Medical and mental health professionals usually differentiate a depression from feelings of sadness by the symptoms that accompany depression. When depressed, people, regardless of injury or not, have disturbances of sleep, appetite, energy level, concentration, sexual interest and mood. At this level, thoughts of death or a lack of interest in life can be frightening for the individual as well as the family.
Improving Your Mood
If an individual is suffering from depression, it is important to seek medical and psychological care as soon as possible. Your primary care physician is usually the best place to start. Let your doctor know the symptoms you’re experiencing and any changes in your sleep, eating or activity patterns. With that information, your doctor can make the decision with you as to whether medications or a referral to a mental health professional is indicated.
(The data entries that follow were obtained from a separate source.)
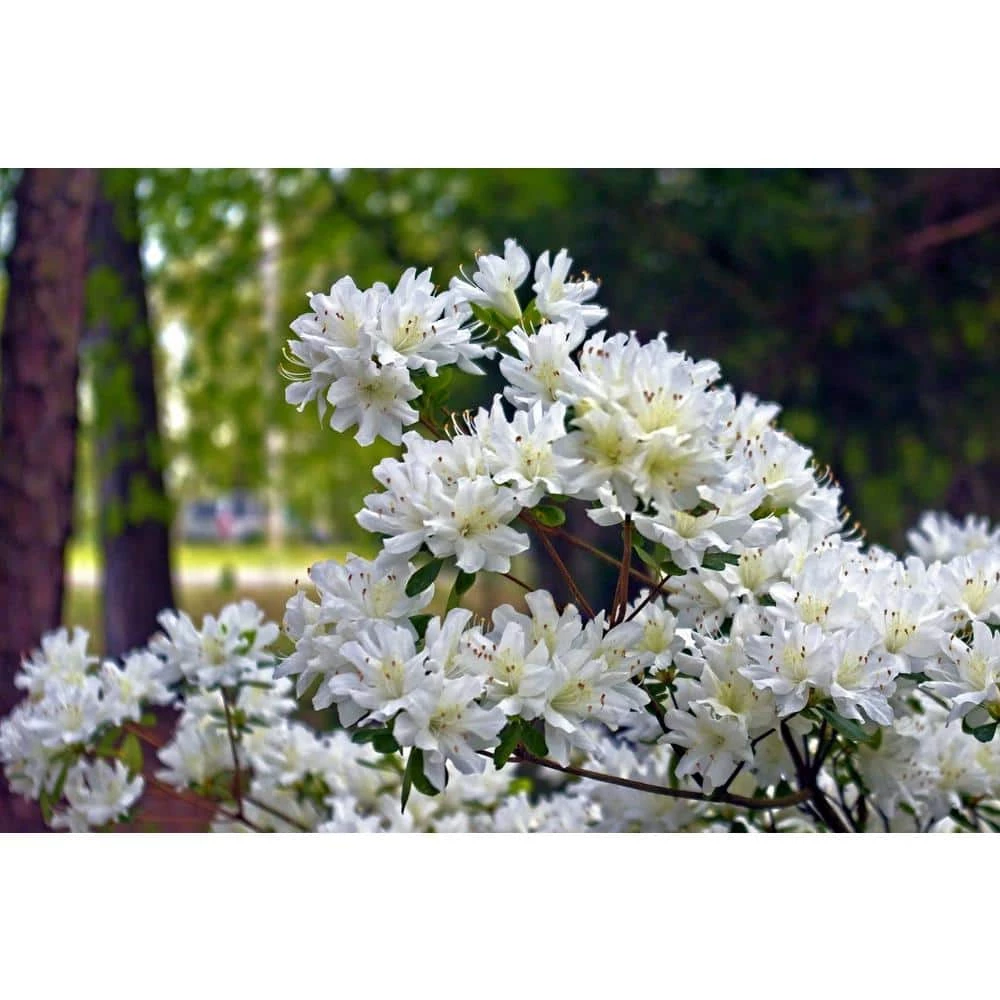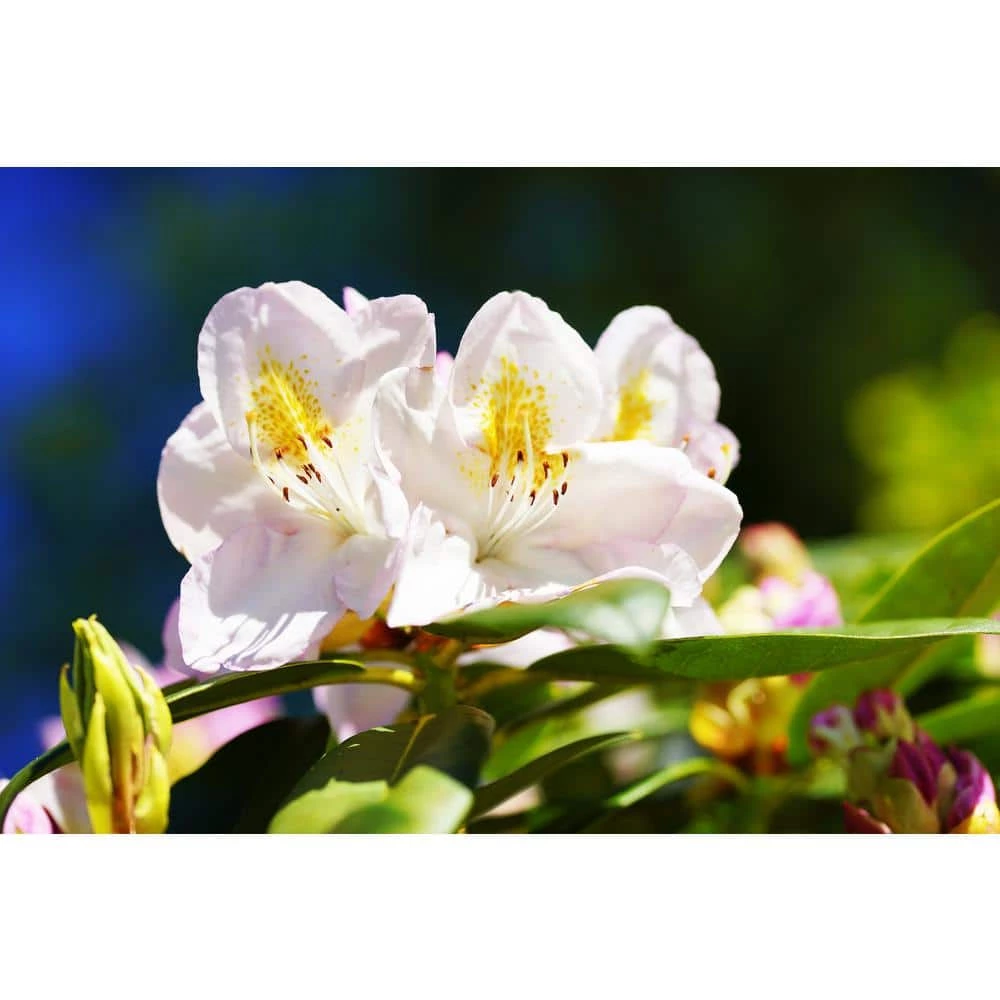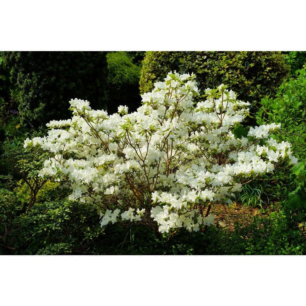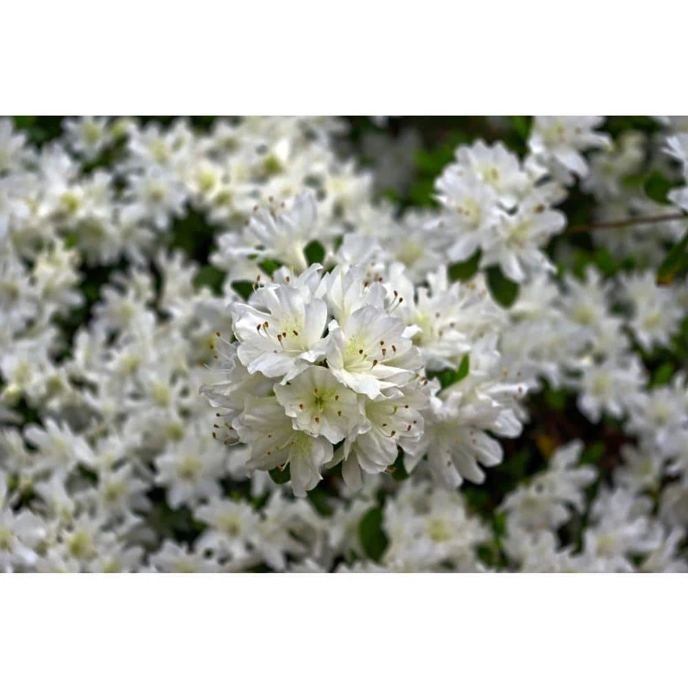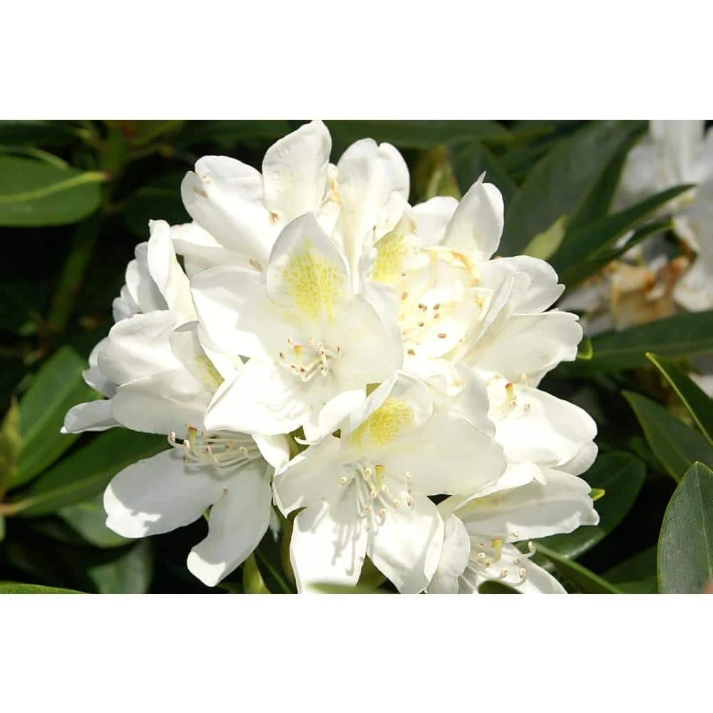 The Chionids Rhododendron sports showy snow-white blossoms which are marked by a distinctive golden sunburst contained within the throat of each flower, providing a welcomed contrasting element. At the base of the blooms you will find lush green foliage that serves to draw attention to the pure white coloring of the blooms even further. The plant grows rather slowly, but in a very even and symmetrical fashion, without any offsetting protrusions. For every bud growing on a Chionids Rhododendron, a dozen pure white flowers bloom in perfect unison. Although this Rhododendron shows its best colors in spring, the soft evergreen foliage adds color and texture year-round. Chionids grows well in USDA zones 5-9 and thrives in partial sunlight or shade. Chionids is perfect for planting en masse along borders and will reach a height between of 4 ft. and 5 ft. with an equal spread.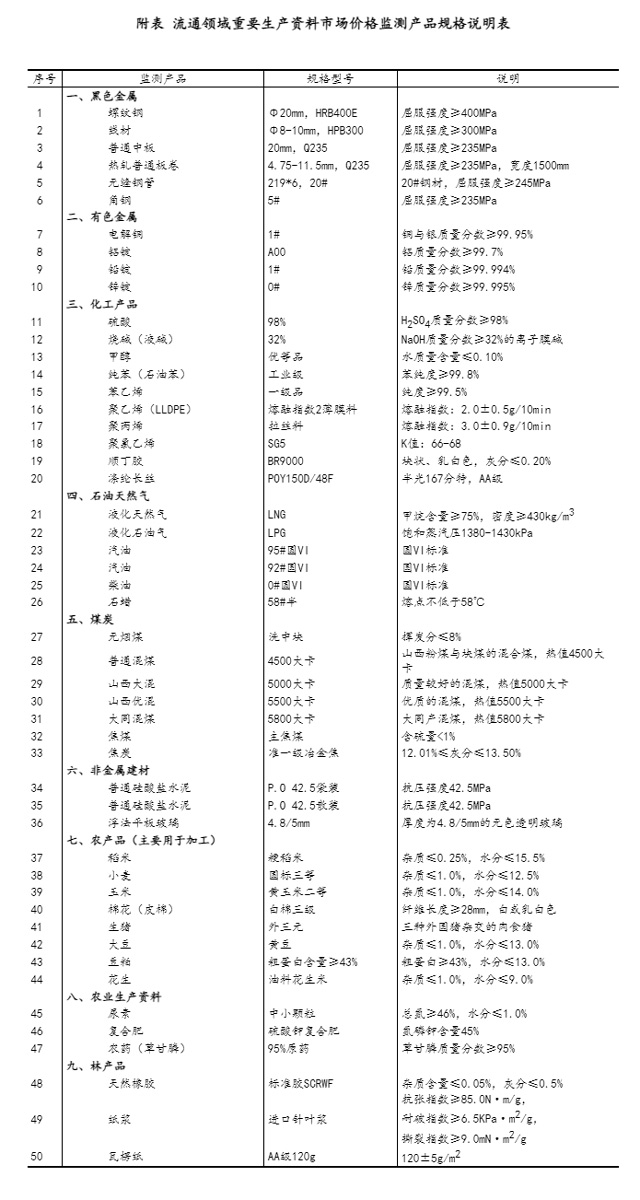 流通领域重要生产资料市场价格监测内容包括9大类50种产品的价格。类别与产品规格说明详见附表。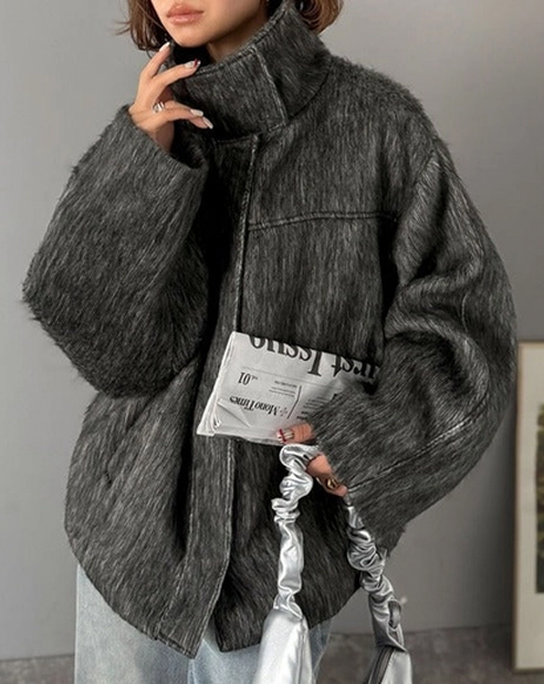 リサイクル素材×ヘアリー質感。ガーリーなコクーンシルエットで、お出かけに◎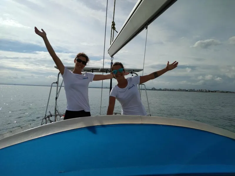 A bord de leur voilier, Leslie Bissey, océanologue et Elodie Gasparin, biologiste marin - l'équipe derrière WeOcean - partent à la recherche d’initiatives les plus innovantes, les plus impactantes et les plus prometteuses en Méditerranée et dans ses alentours. Elles regroupent toutes ces informations sur une plateforme en ligne où ces différentes initiatives et leur savoir-faire sont magnifiquement illustrées. A travers de petites capsules vidéos, vous pouvez faire connaissance avec les porteurs de projets et découvrir leur parcours ainsi que leurs objectifs. Ces vidéos permettent également de mettre en contact les porteurs de projets, de donner forme à de nouveaux partenariats et de créer une vaste "communauté marine durable". Le duo organise également des expéditions scientifiques, sportives et culturelles avec son voilier et réalise du matériel visuel de grande qualité (bientôt sous la forme d'un premier documentaire). Grâce à un grand nombre de panneaux solaires, ce voilier est autonome sur le plan énergétique.
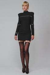 The dress is embellished at the neckline and elbows with openable gold-tone metal zips and a two-way zip fastening at the back to ensure a perfect fit and elegantly emphasise your curves. The high neck and straight sleeves give this dress a sophisticated look.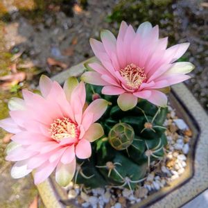 オブツーサ🌱雫石 2本の花芽から、お花が咲き始めました💠✨ ③ 昨日は☔️ 今日は曇り空☁ 🌵さん、2日目も中途半端な開花で終わりました💧 残念です😥 明日に期待します✨🩷✨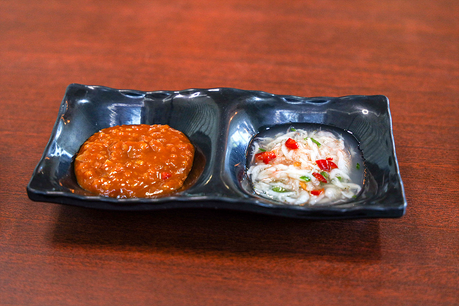 일단 양념장을 젓가락 끝으로 쫙 찍어서 맛을 봤어요.둘 다 맛이 진하고 고소하고 짜고 취향에 딱 맞았습니다.
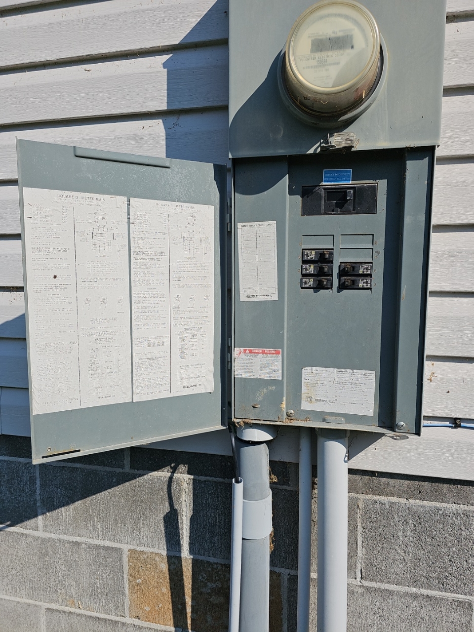 The electrical service conduit at the electric meter was not properly secured to the building.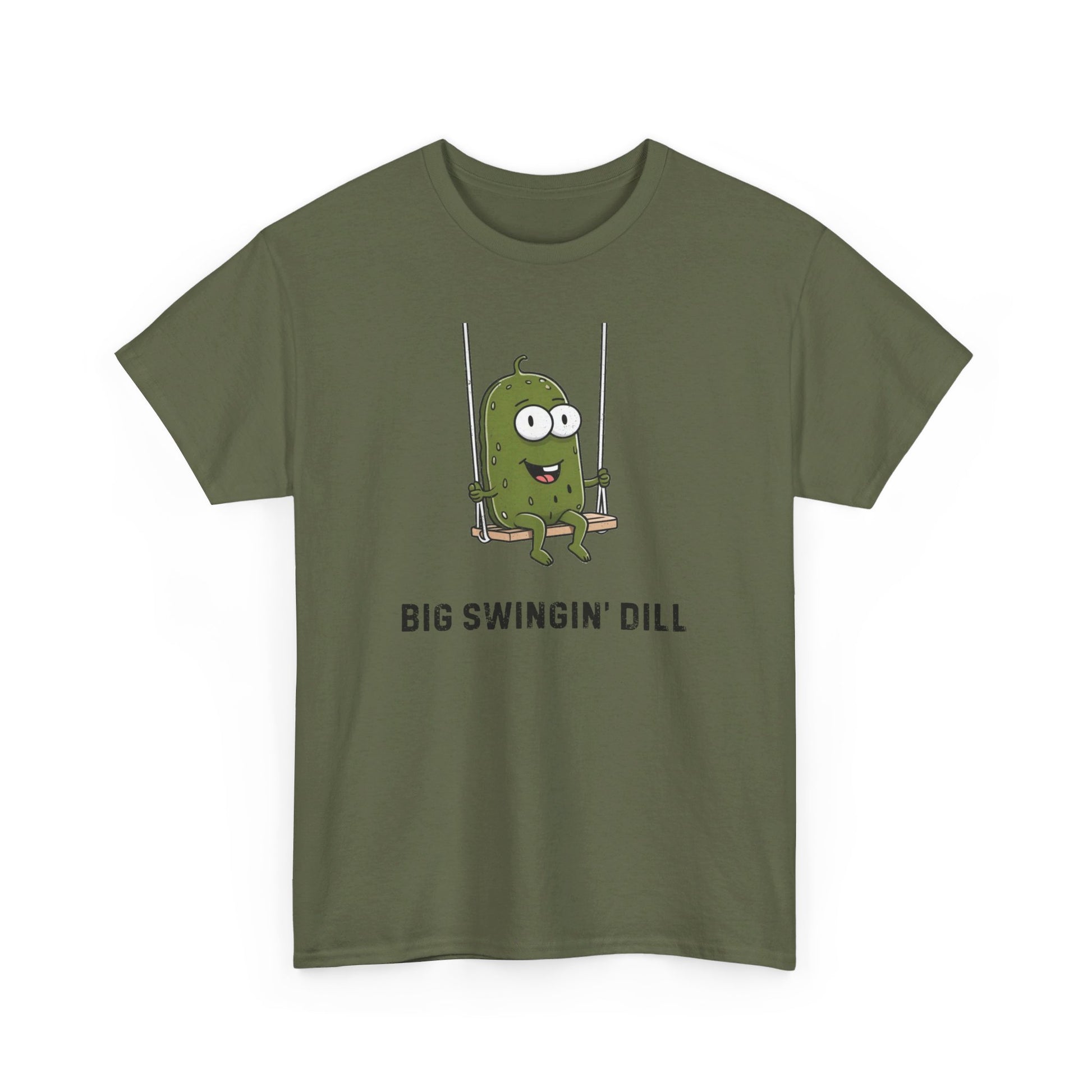 Look out, here comes the Big Swingin' Di...oh, it says Dill! SHOCK your friends and catch the look on their face when they read this silly t-shirt.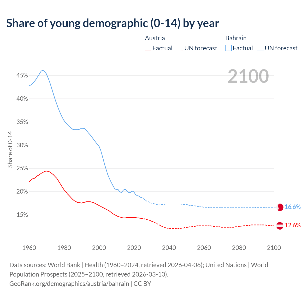- The share of young demographic (0-15 years old) in Austria is 14.2% vs 18.7% in Bahrain.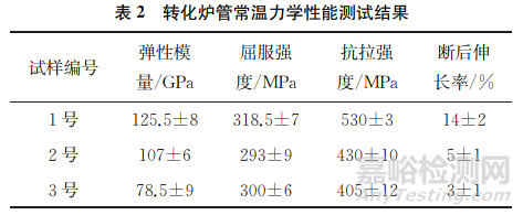 對(duì)1,2,3號(hào)試樣在室溫下進(jìn)行拉伸試驗(yàn),拉伸速率為0.05mm/s,測(cè)試結(jié)果如表2所示。未服役的1號(hào)試樣抗拉強(qiáng)度和彈性模量明顯高于長(zhǎng)期服役后的爐管,但是屈服強(qiáng)度與服役后的爐管相差不大。服役后試樣的斷后伸長(zhǎng)率也遠(yuǎn)低于未服役的1號(hào)試樣??梢钥闯鲭S著服役時(shí)間的延長(zhǎng),HP-Nb合金的抗拉強(qiáng)度、剛度均下降。轉(zhuǎn)化爐管在高溫服役后,HP-Nb合金的屈服強(qiáng)度和斷后伸長(zhǎng)率都明顯降低。服役后的轉(zhuǎn)化爐管一次碳化物粗化,由骨架狀轉(zhuǎn)變?yōu)榫W(wǎng)狀結(jié)構(gòu);大量二次碳化物在晶內(nèi)析出,并且隨著服役時(shí)間的延長(zhǎng),二次碳化物聚集長(zhǎng)大,這些導(dǎo)致了轉(zhuǎn)化爐管合金的屈服強(qiáng)度和塑性下降。

Although depression can be a serious medical condition, there are a number of things a person can do when he or she is feeling sad and blue. If an individual is feeling sad for whatever reason, some of the following tips may be worth considering.
- Avoid isolating yourself. At these times, the natural reaction is to want to stay alone and avoid other people. In reality, doing this often makes the situation worse. Although you may not have the motivation, force yourself to be with other people as much as possible.
- Share your feelings with other people. Most people find it difficult to talk about painful feelings and are fearful of being a burden to other people. Let people around you know how you’re feeling and get emotional support from people close to you.
- Take care of yourself. When a person is feeling sad, they often just don’t care about sleep, eating, being active, taking medication or doing things that maintain their wellbeing. Although you may not be in the mood, force yourself to do what is best for your overall health and wellbeing.
- Try an activity such as meditation, yoga or relaxation exercises. To do this, put 15 minutes aside each day to sit quietly and to clear your mind. Breath deeply, relax the muscles in your body and quiet your mind from all thoughts. Enjoy the sense of peacefulness that can come from just being calm and quiet.
- Remain active. Most of us are aware of how active we are during a typical day. Keeping this in mind, do things that you would normally do and try to keep the routines that usually work well for you.
- Be cautious about alcohol use. Alcohol is a depressant and tends to increase feelings related to depression. Although initially, a person may think they “feel better”, the longer range affects will be to deepen feelings of sadness and depression.
In Conclusion, the winter months can be a difficult time for many people and is a time when depression is more common among all people. People with SCI may be more prone to depression because of difficulties with accessibility and being active.
Keep an eye on your general state of mind, mood and attitudes. If your mood starts to head downward, be proactive and take some steps to turn things around. It’s always easier to make positive changes if you can notice the early signs that you may be slipping into a period of depression or sadness. Depression is typically a temporary condition that will improve over time.